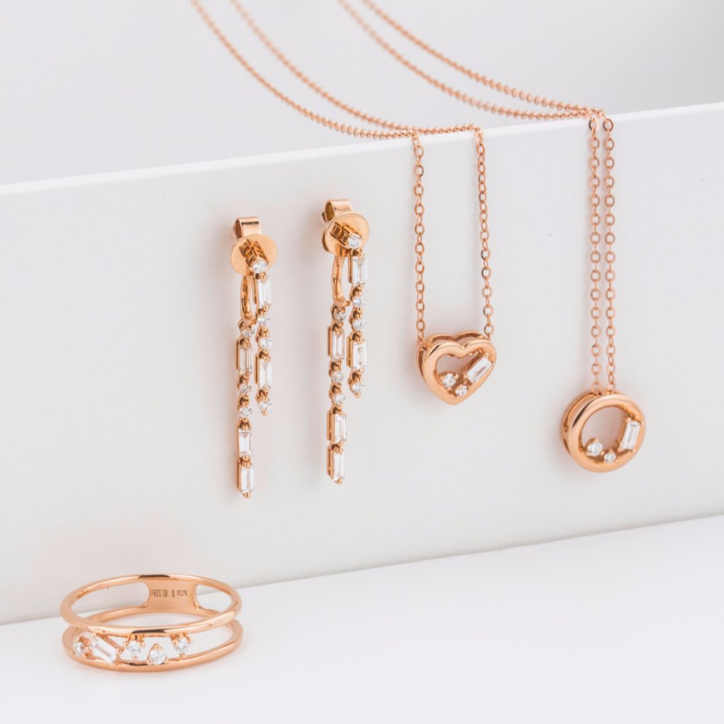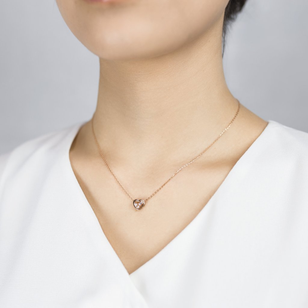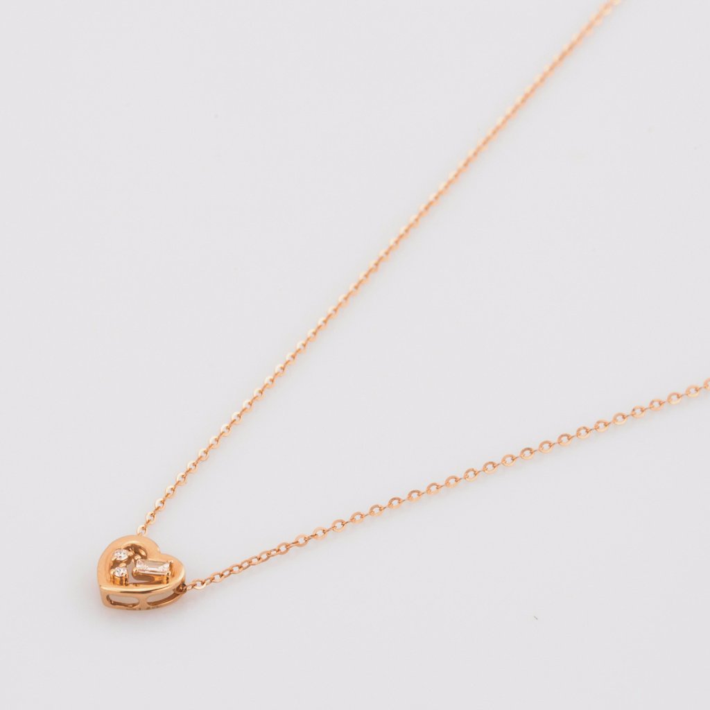18K Rose Gold Heart Baguette Cut Diamond Necklace
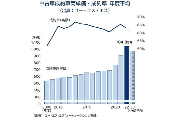 中古車販売市場は東日本大震災の被災地を中心に需要が拡大した2011年度以降、19年度まで9年連続で拡大が続いた。コロナ禍の影響を大きく受けた20年度は一旦減少したものの、21年度以降は新車販売で人気モデルやグレードで半導体不足などの影響を受けた供給量減、納車遅れ等が多発した。また、完成車メーカーによる新車価格の値上げも相次いだことで、車検切れなどで発生したユーザーの買い替え需要を中心に、割安で即時納車が可能な中古車の人気が高まった。
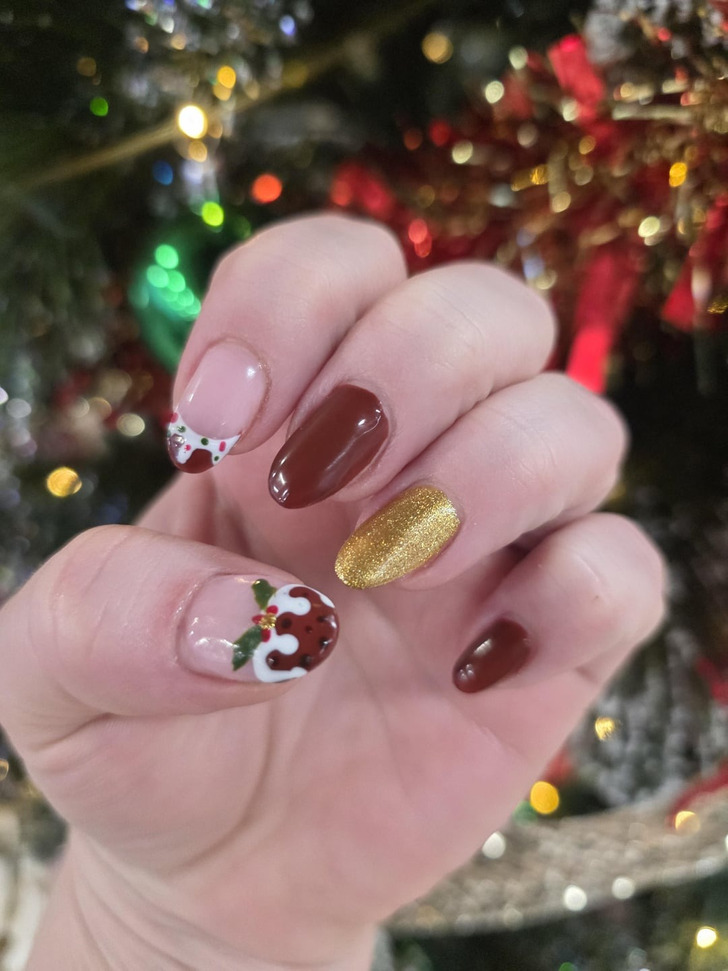 Золото детали — самый универсальный способ добавить торжественности вашему образу, не перегружая его. Такой маникюр будет уместен на любом зимнем торжестве. Золото прекрасно сочетается как с приглушенными, так и с яркими базовыми цветами. Сочетайте его с новогодней палитрой или более приглушенными оттенками. Поталь, золотая втирка, глиттер — используйте все, что душе угодно.
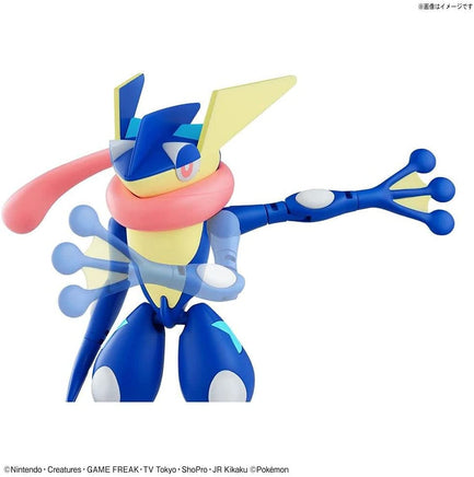 Greninja is the latest addition to the Pokémon Plastic Model Collection! This collection strikes a balance between ease of assembly, color separation, and articulation! Various poses are possible with the articulation of the arms and legs. Two types of effect parts are included in clear molding. Additional leg part that's different from the standing pose included.
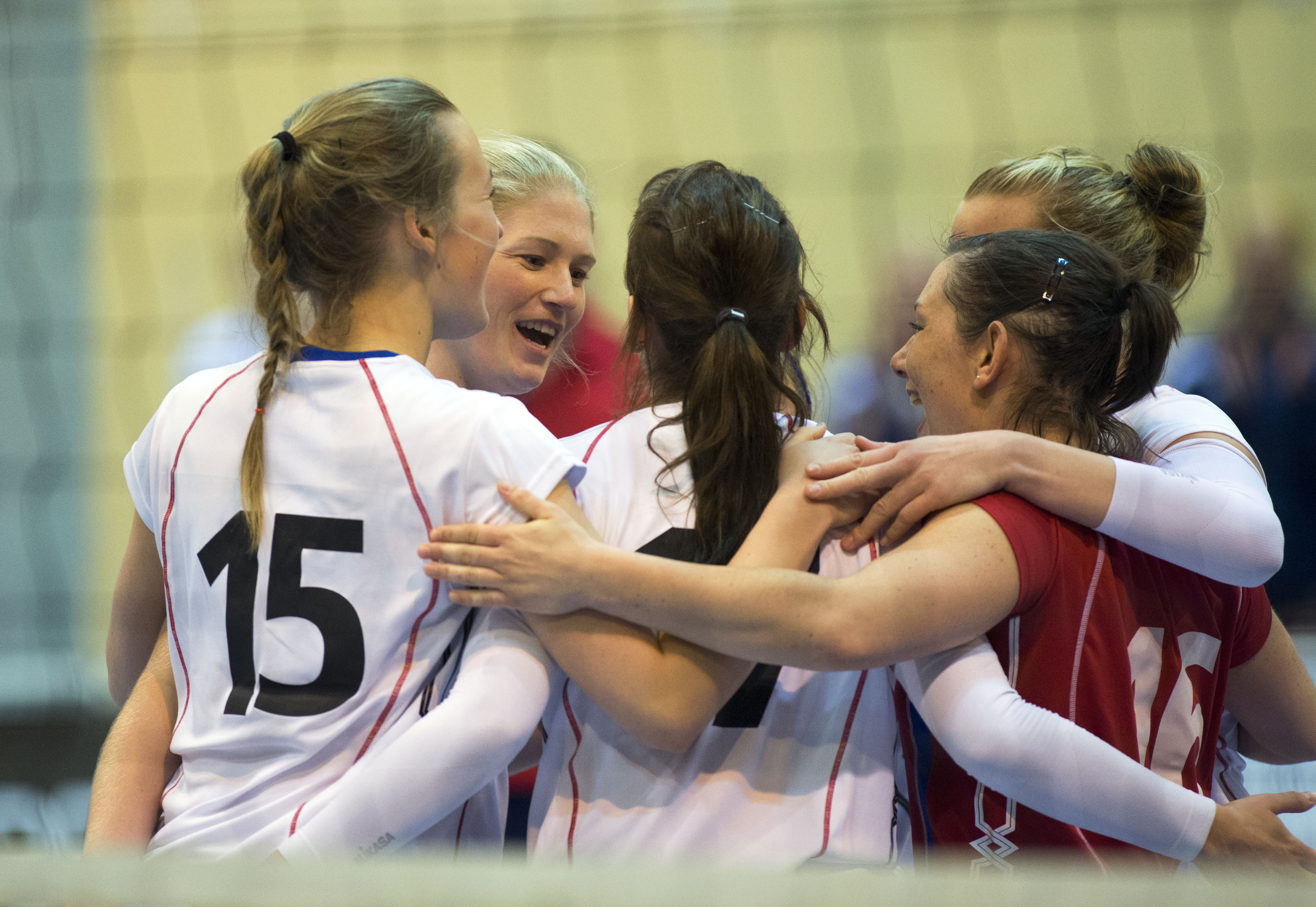 Mari Aase Hole med resten av landslaget 03/05/2014 / volleytomm Norge – Danmark 3-0 (25-22, 25-13, 25-19). Landskamp i Slagenhallen 3. mai 2014.

******************************

_WHAT IS BEING ASKED_. Leave out the pictures, and write out exactly the lines from the line containing "Greninja is the" through the end of the records above.

_PROBLEM SOLUTION_.
 Greninja is the latest addition to the Pokémon Plastic Model Collection! This collection strikes a balance between ease of assembly, color separation, and articulation! Various poses are possible with the articulation of the arms and legs. Two types of effect parts are included in clear molding. Additional leg part that's different from the standing pose included.
 Mari Aase Hole med resten av landslaget 03/05/2014 / volleytomm Norge – Danmark 3-0 (25-22, 25-13, 25-19). Landskamp i Slagenhallen 3. mai 2014.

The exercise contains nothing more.